─── Dataset records

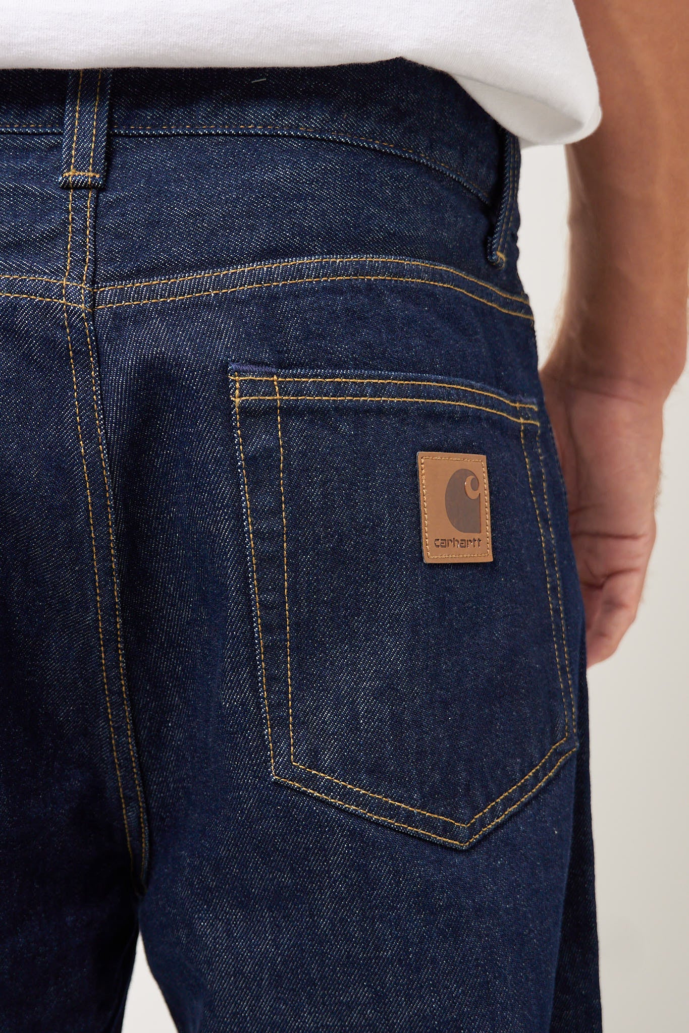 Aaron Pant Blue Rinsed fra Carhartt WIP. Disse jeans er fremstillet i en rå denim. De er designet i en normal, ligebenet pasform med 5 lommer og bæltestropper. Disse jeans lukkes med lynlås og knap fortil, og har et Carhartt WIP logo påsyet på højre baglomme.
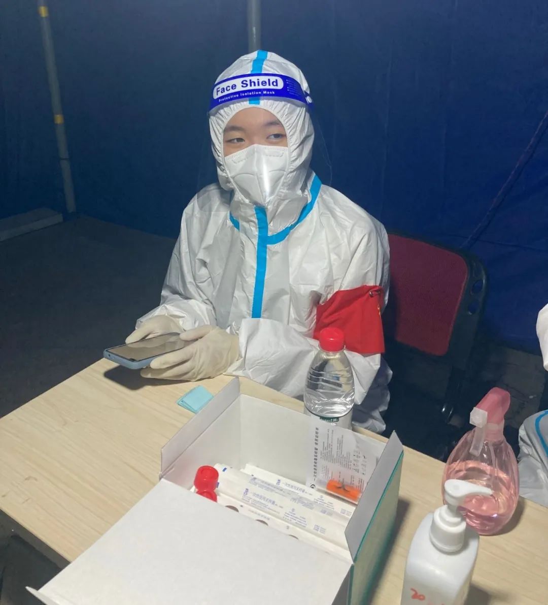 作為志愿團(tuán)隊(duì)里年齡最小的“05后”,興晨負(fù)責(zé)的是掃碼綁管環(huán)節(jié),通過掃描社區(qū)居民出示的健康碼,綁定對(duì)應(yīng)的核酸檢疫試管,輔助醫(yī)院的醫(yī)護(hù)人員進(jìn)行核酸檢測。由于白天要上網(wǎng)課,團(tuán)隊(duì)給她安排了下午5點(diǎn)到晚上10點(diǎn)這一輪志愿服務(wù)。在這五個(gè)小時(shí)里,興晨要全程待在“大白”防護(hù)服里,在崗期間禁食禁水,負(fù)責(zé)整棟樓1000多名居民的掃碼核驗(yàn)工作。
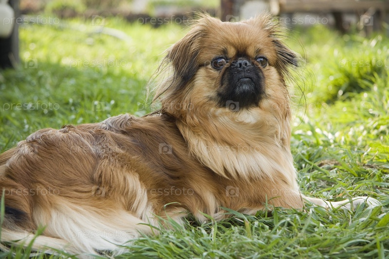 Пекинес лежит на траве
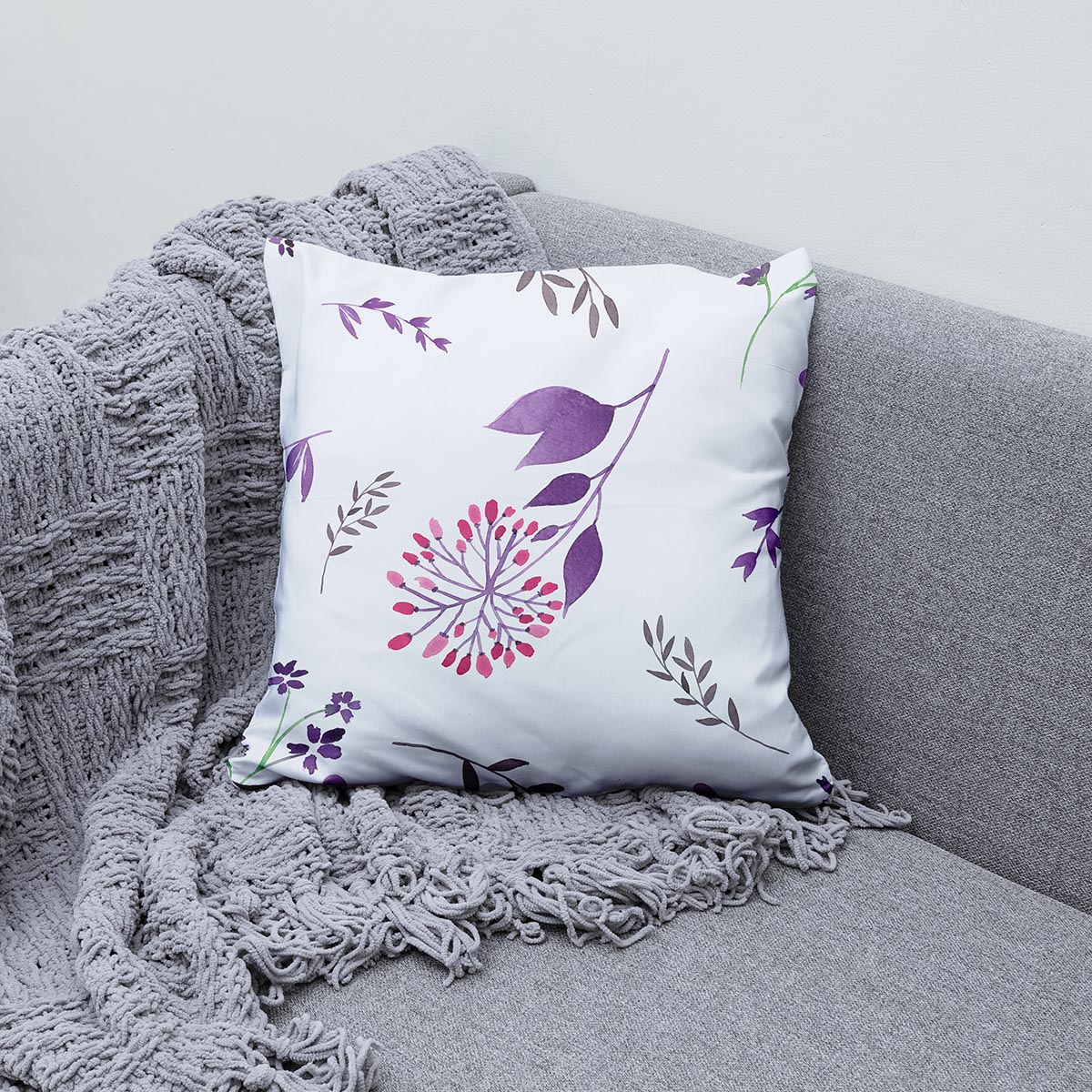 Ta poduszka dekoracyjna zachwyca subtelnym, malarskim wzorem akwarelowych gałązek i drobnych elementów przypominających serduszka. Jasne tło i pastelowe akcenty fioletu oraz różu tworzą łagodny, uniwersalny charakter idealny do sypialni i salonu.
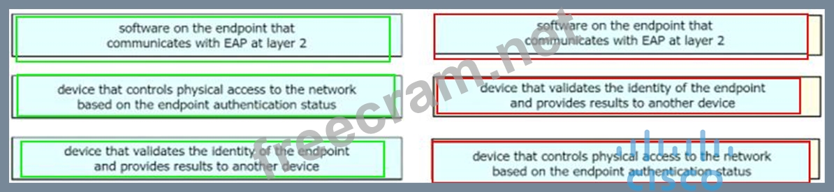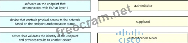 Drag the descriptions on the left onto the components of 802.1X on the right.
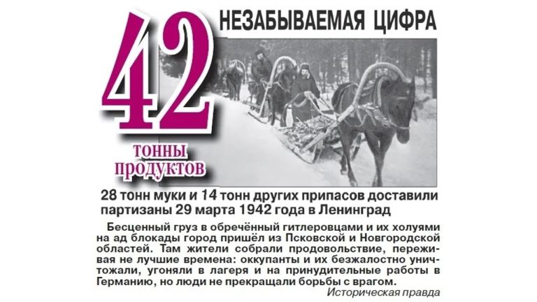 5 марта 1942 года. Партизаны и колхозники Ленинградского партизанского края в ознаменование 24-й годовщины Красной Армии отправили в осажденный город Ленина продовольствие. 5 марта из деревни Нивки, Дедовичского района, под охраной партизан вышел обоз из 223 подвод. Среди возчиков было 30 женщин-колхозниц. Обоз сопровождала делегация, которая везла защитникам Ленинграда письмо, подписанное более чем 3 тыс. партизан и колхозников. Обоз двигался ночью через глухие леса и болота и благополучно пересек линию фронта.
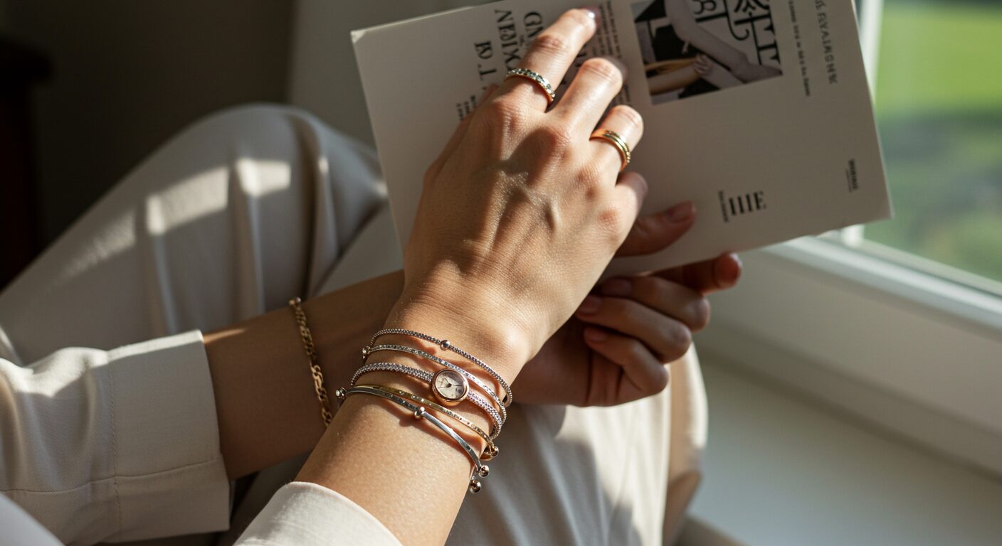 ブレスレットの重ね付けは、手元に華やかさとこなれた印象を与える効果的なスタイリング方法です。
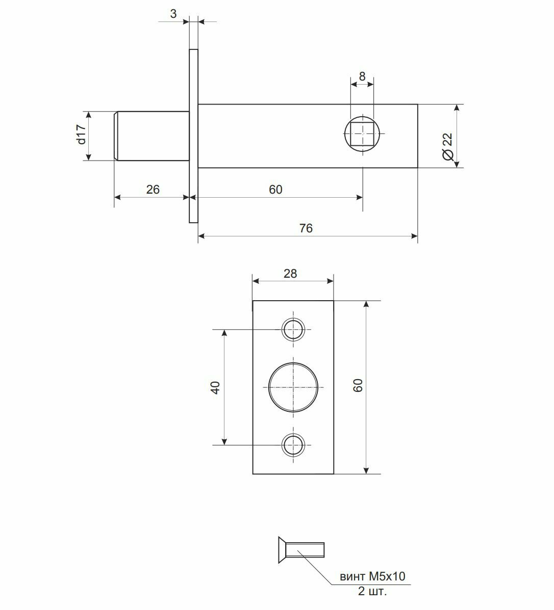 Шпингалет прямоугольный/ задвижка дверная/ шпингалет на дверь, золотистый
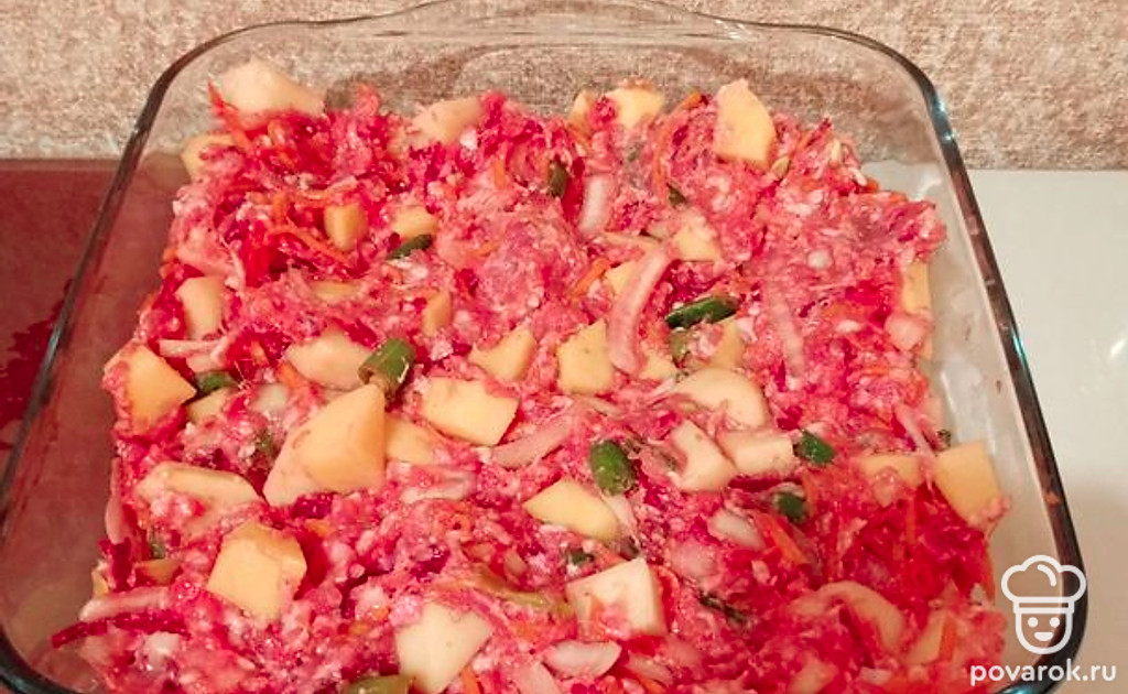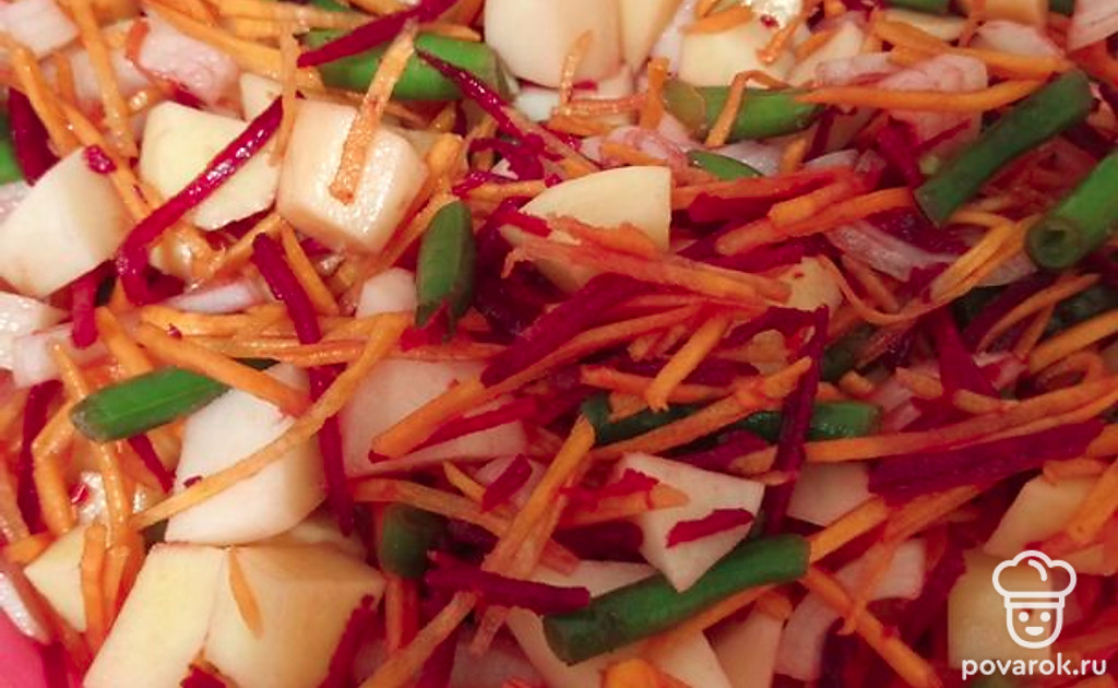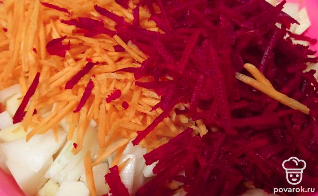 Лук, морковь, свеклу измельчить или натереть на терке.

──────

▸ Problem description:
Reproduce the listing above from the line that holds "Пекинес лежит на траве" through the line that holds "Drag the descriptions", both included, with the pictures left out.

▸ Completed exercise:
 Пекинес лежит на траве
 Ta poduszka dekoracyjna zachwyca subtelnym, malarskim wzorem akwarelowych gałązek i drobnych elementów przypominających serduszka. Jasne tło i pastelowe akcenty fioletu oraz różu tworzą łagodny, uniwersalny charakter idealny do sypialni i salonu.
 Drag the descriptions on the left onto the components of 802.1X on the right.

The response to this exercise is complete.